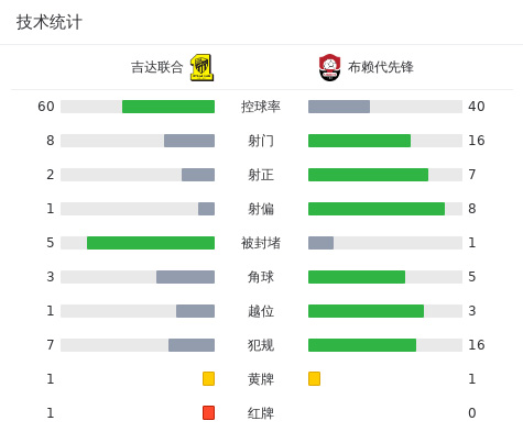 最终10人吉达联合1-3负于联赛倒数第二的布赖代先锋,仍居第6。
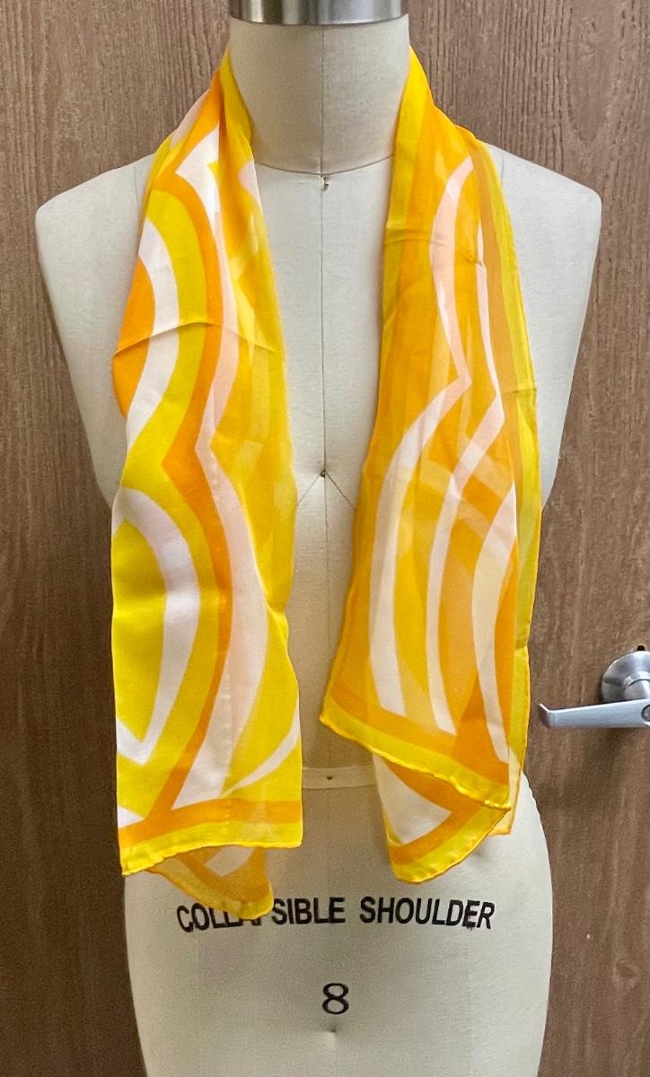 VINTAGE VERA SCARF - yellow, orange, white - rectangular 11 x 44 inches
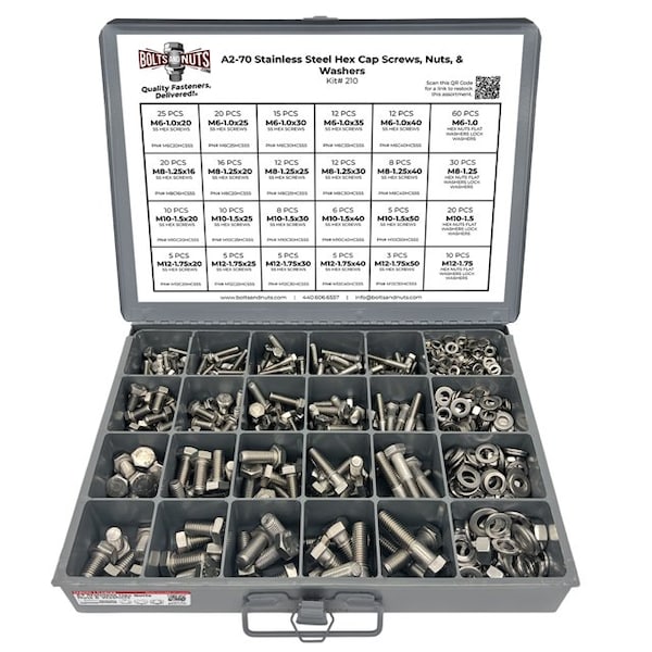 GR5, GR8, 18-8 Stainless Steel, A2-70 Stainless Steel, and CL10.9 Hex Cap Screw Assortment Kits
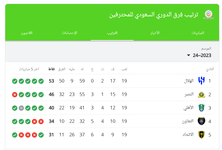ويتصدر فريق الهلال جدول ترتيب الدوري السعودي برصيد 53 نقطة، ويتواجد في الوصافة نظيره النصر بـ46 نقطة.
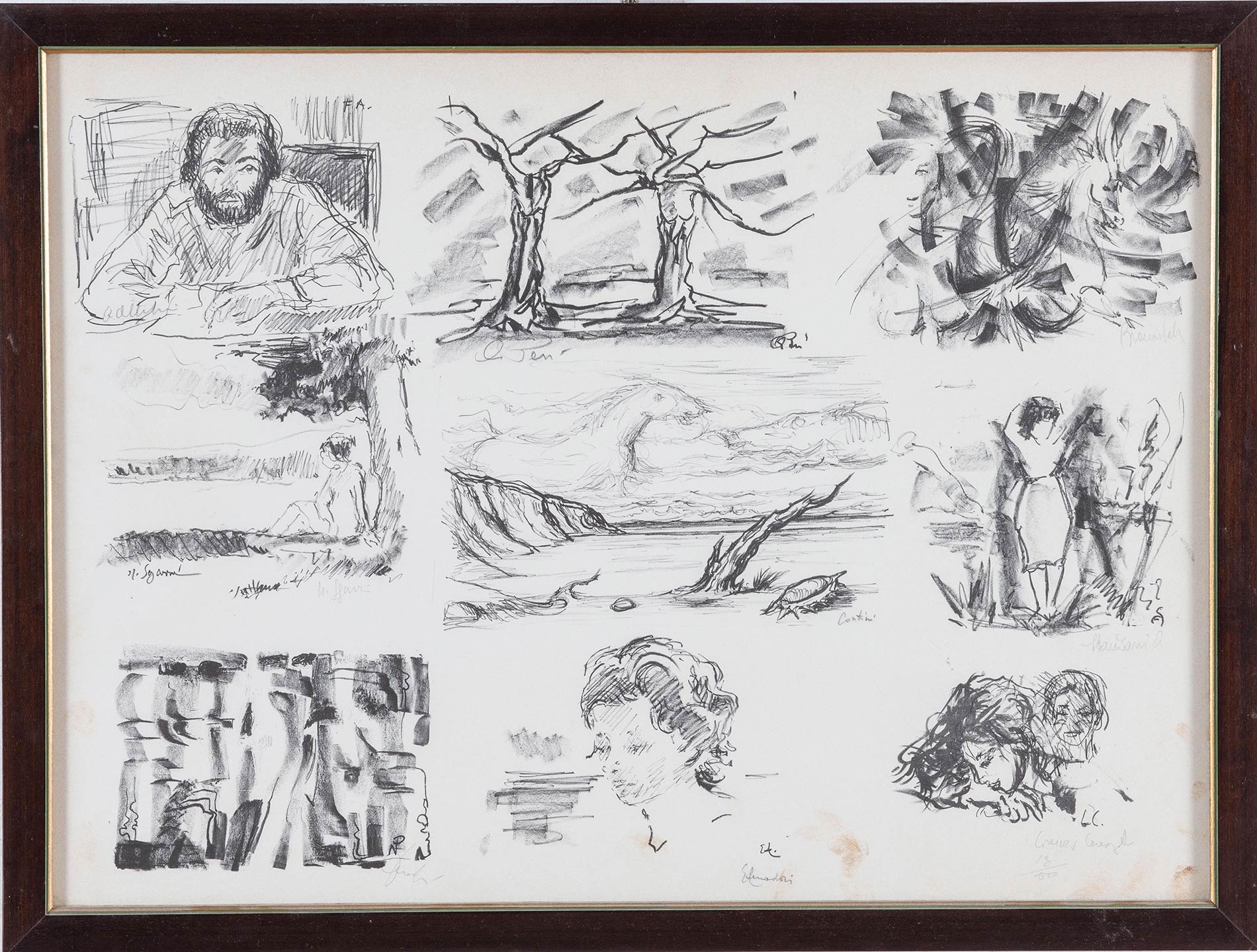 Nove incisioni composte sullo stesso foglio, Anni ‘60. Eseguite da vari artisti: Umberto Sgarzi, Eugenio Amadori, Lorenzo Ceregato, Maria Stanzani, Emilio Contini, Filippo Albertoni, Sergio Romiti, H cm 47x65
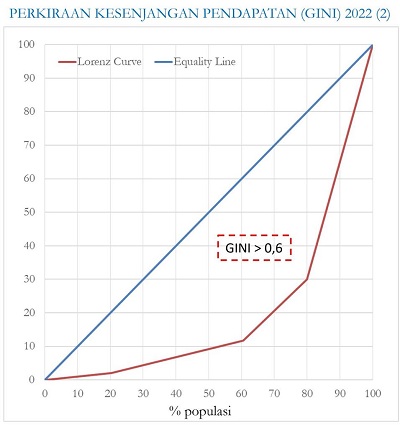 Tetapi, lanjutnya, kalau berdasarkan PENDAPATAN, ketimpangan PENDAPATAN 2022 bisa capai lebih dari 0,6: rawan konflik sosial.
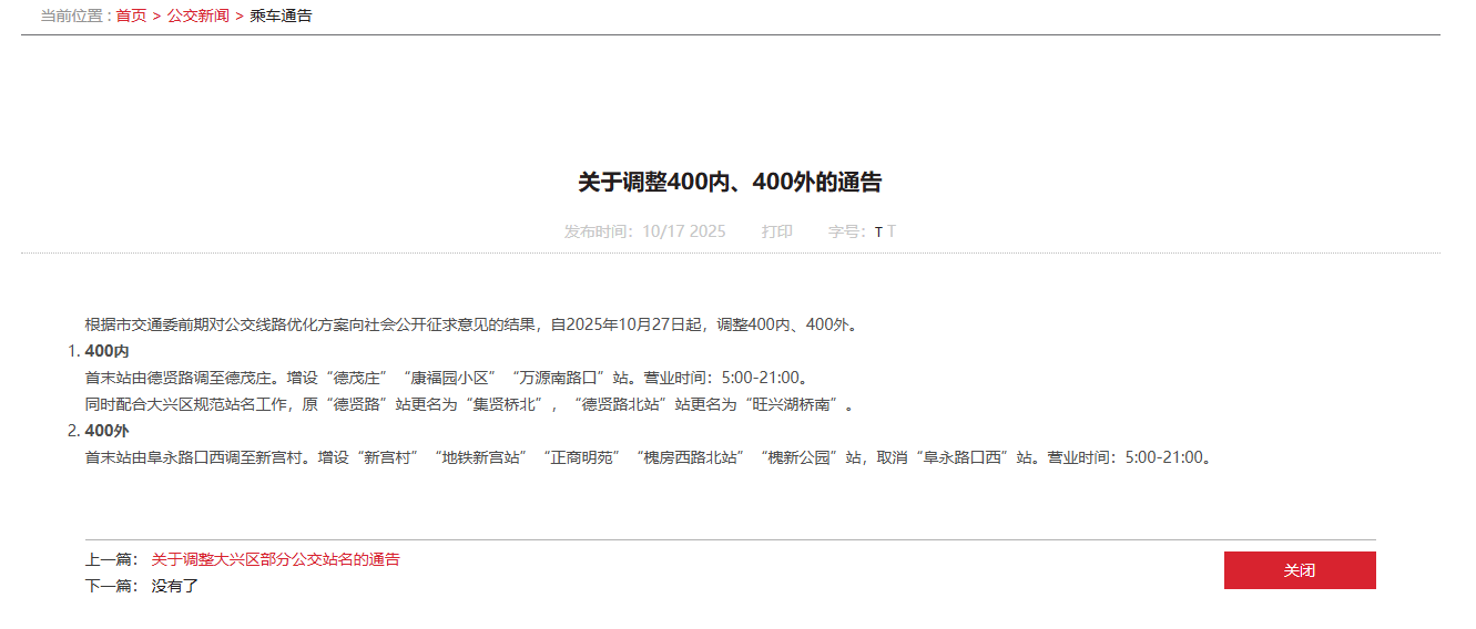根据市交通委前期对公交线路优化方案向社会公开征求意见的结果,自2025年10月27日起,调整400内、400外。
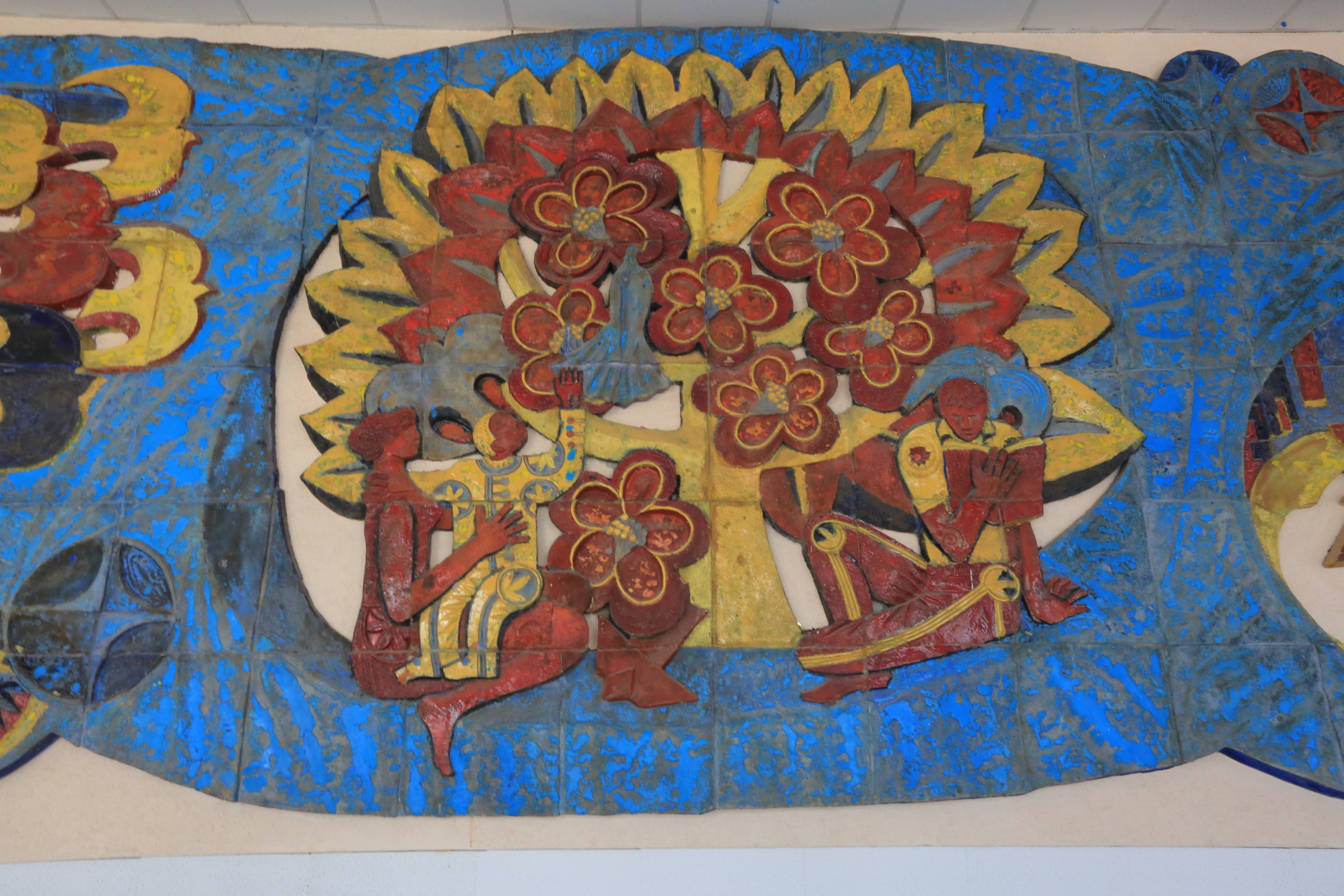 Барельеф хорошо видно в вечернем освещении с проспекта Дзержинского сквозь огромные витражи парадного фасада. Директор ДК Евгений Бобров сообщил, что в этом году панно планируют отреставрировать, освежив на нём цвета.
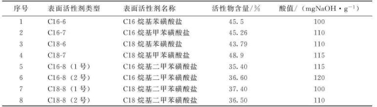 石油磺酸鹽具有降低油水界面張力、來源廣和價格低等優(yōu)勢,因而在三次采油中占有極其重要的地位。但同時由于它的未磺化油含量較高,造成低滲透油層的注入困難。烷基苯磺酸鹽是一種碳鏈長度固定、結(jié)構(gòu)相對單一的表面活性劑,其未磺化油含量相對較低,遠遠小于石油磺酸鹽。筆者通過配制弱堿三元復合體系評價其界面活性,試驗研究了烷基苯磺酸鹽結(jié)構(gòu)與界面活性的關(guān)系,旨在為弱堿三元復合驅(qū)優(yōu)選表面活性劑提供重要依據(jù)。
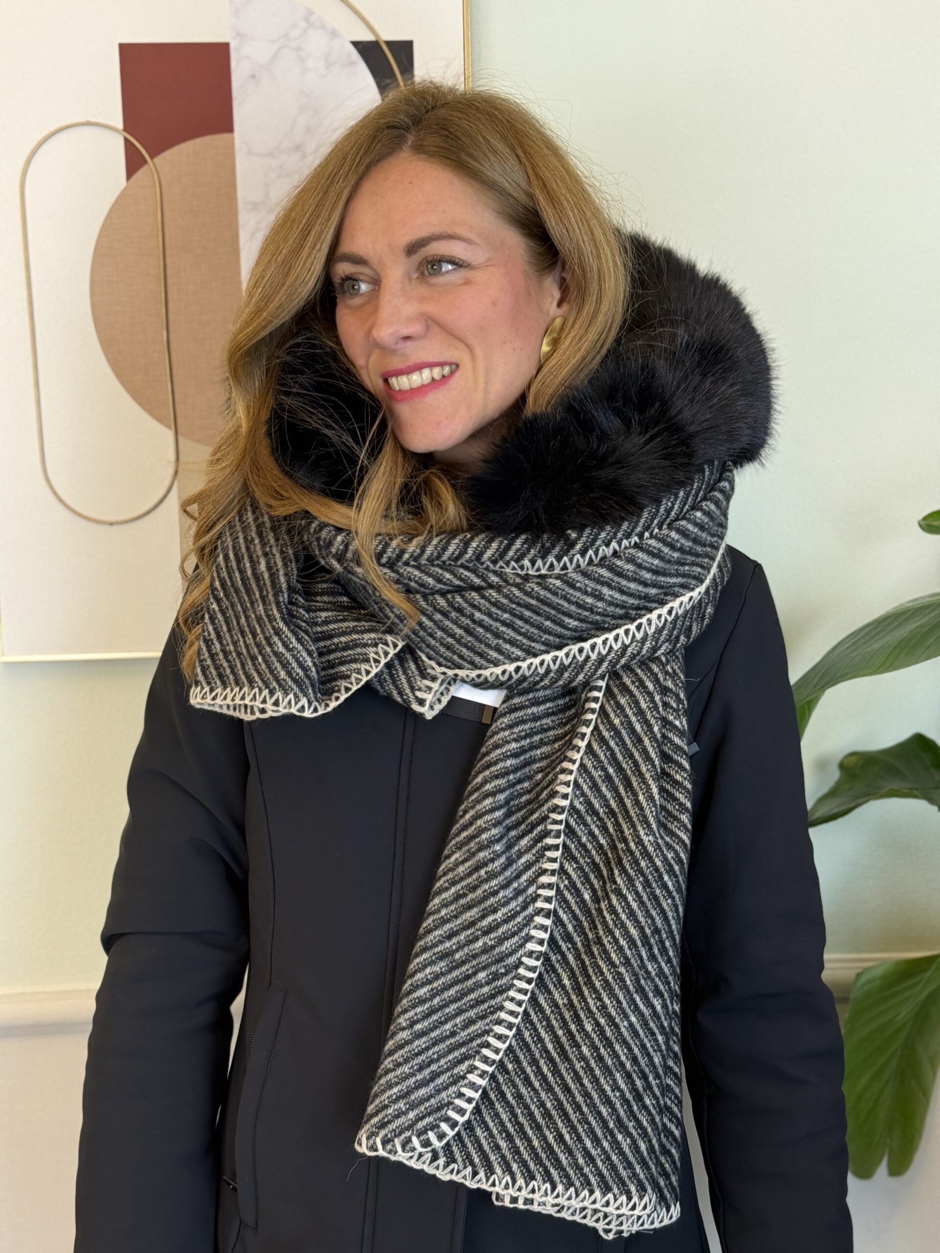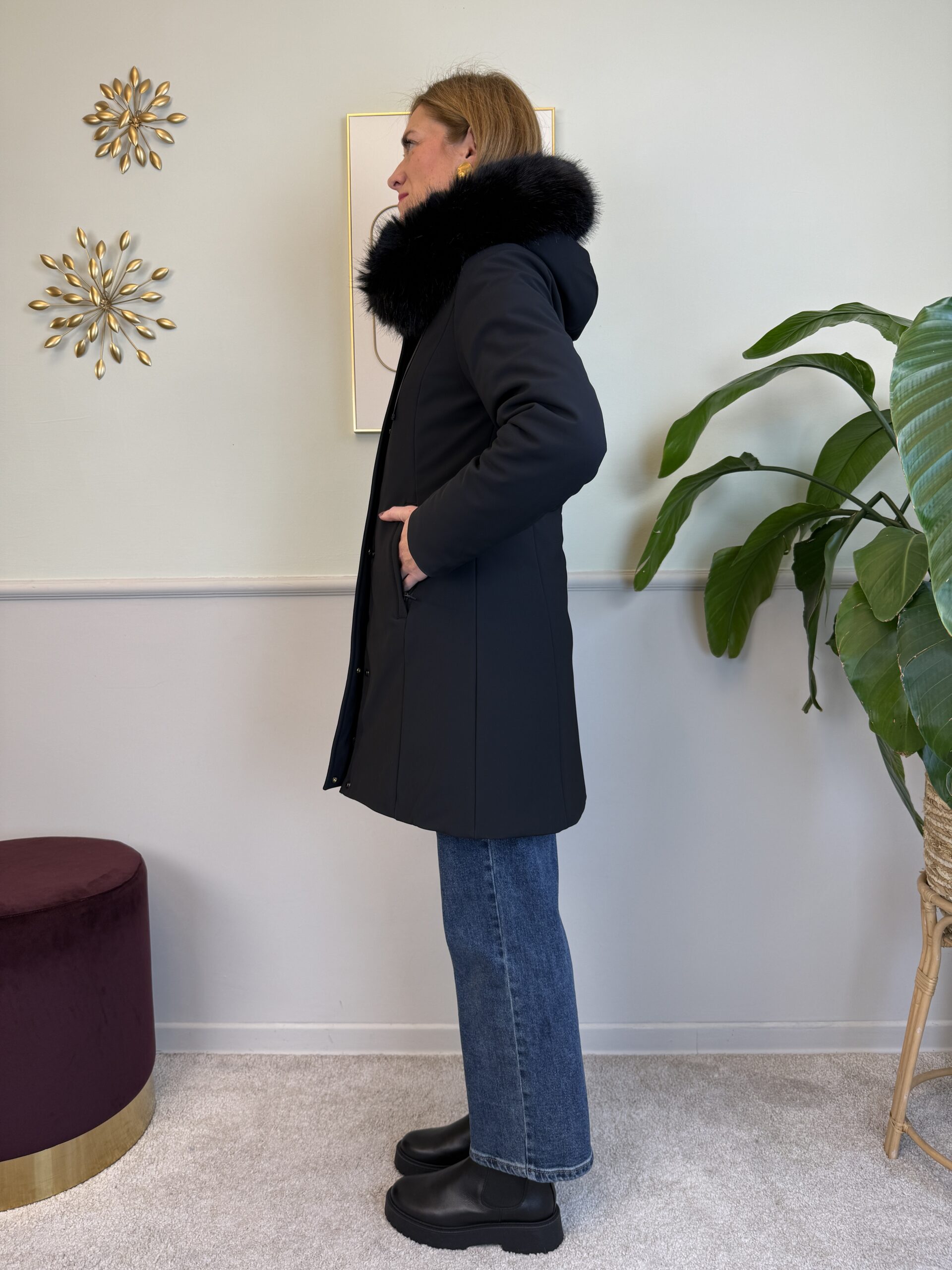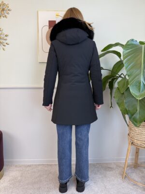 Eco piumino liscio sfiancato con cappuccio con pelliccetta removibile.

YOUR GOAL =
In the listing above, find the line with "ويتصدر فريق الهلال" and output every line through the one with "根据市交通委前期对公交线路优", exactly, without the pictures.

ANSWER TO THE PROBLEM =
ويتصدر فريق الهلال جدول ترتيب الدوري السعودي برصيد 53 نقطة، ويتواجد في الوصافة نظيره النصر بـ46 نقطة.
 Nove incisioni composte sullo stesso foglio, Anni ‘60. Eseguite da vari artisti: Umberto Sgarzi, Eugenio Amadori, Lorenzo Ceregato, Maria Stanzani, Emilio Contini, Filippo Albertoni, Sergio Romiti, H cm 47x65
 Tetapi, lanjutnya, kalau berdasarkan PENDAPATAN, ketimpangan PENDAPATAN 2022 bisa capai lebih dari 0,6: rawan konflik sosial.
根据市交通委前期对公交线路优化方案向社会公开征求意见的结果,自2025年10月27日起,调整400内、400外。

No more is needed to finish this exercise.